Segment Open

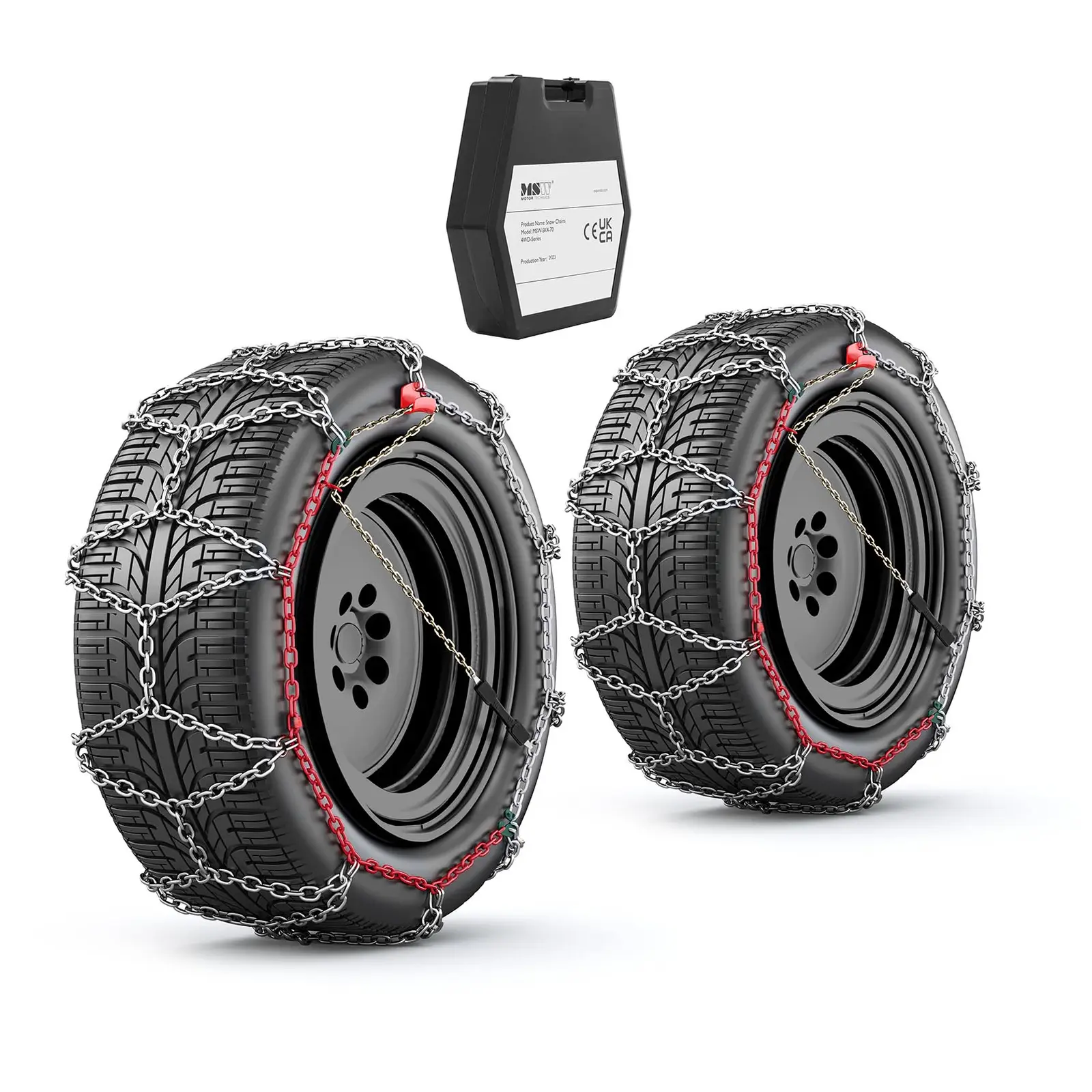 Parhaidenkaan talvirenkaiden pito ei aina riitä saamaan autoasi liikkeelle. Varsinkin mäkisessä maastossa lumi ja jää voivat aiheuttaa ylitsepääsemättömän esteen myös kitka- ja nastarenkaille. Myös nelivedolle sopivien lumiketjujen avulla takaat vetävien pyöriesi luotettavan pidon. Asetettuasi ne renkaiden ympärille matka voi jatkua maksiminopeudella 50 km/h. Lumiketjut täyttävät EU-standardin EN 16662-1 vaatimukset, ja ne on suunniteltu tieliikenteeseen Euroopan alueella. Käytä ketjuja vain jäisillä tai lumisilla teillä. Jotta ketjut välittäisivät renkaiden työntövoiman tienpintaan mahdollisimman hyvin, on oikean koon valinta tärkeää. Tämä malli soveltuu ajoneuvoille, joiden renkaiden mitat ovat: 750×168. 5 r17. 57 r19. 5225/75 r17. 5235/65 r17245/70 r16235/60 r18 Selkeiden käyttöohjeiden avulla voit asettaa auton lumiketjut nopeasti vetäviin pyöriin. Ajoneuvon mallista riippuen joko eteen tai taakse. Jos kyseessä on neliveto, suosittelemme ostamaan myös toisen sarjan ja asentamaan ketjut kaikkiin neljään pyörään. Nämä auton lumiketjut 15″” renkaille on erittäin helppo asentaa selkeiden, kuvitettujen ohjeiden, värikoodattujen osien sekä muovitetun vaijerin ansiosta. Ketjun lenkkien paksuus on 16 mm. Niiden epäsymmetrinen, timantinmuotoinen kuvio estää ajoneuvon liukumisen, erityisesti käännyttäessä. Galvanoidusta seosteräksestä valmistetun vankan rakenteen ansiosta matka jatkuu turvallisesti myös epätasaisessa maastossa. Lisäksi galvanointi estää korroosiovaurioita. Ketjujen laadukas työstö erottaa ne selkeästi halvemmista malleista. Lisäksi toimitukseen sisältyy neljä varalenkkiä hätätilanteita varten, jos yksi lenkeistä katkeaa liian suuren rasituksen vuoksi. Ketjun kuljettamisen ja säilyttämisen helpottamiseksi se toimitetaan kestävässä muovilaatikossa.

Segment Closed
Segment Open

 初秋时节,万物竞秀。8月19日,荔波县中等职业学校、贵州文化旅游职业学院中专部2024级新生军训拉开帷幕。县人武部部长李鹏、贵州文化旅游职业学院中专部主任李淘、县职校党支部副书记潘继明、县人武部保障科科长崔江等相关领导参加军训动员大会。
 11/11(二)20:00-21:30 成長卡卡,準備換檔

Segment Closed
Segment Open

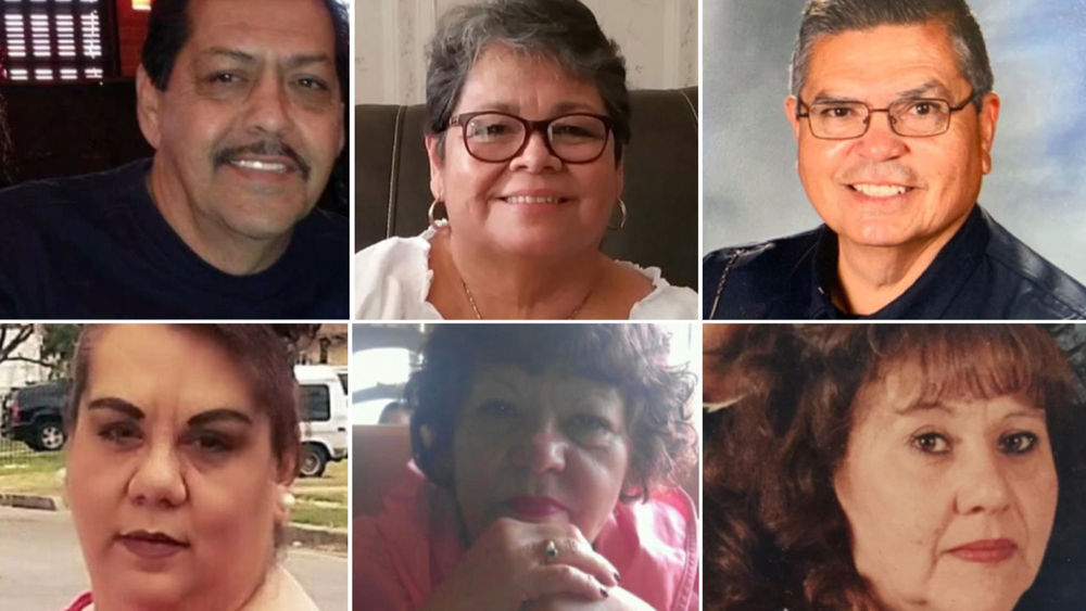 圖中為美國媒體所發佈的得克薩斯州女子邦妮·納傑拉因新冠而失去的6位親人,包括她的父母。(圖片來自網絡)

Segment Closed

_TASK ITEM:_ Of the entries above, transcribe exactly those lines that fall between the line containing "初秋时节,万物竞秀。8月19" and the line containing "11/11(二)20:00-21:30 成長卡卡,準備換檔", together with those two lines.

_PROBLEM SOLUTION:_
 初秋时节,万物竞秀。8月19日,荔波县中等职业学校、贵州文化旅游职业学院中专部2024级新生军训拉开帷幕。县人武部部长李鹏、贵州文化旅游职业学院中专部主任李淘、县职校党支部副书记潘继明、县人武部保障科科长崔江等相关领导参加军训动员大会。
 11/11(二)20:00-21:30 成長卡卡,準備換檔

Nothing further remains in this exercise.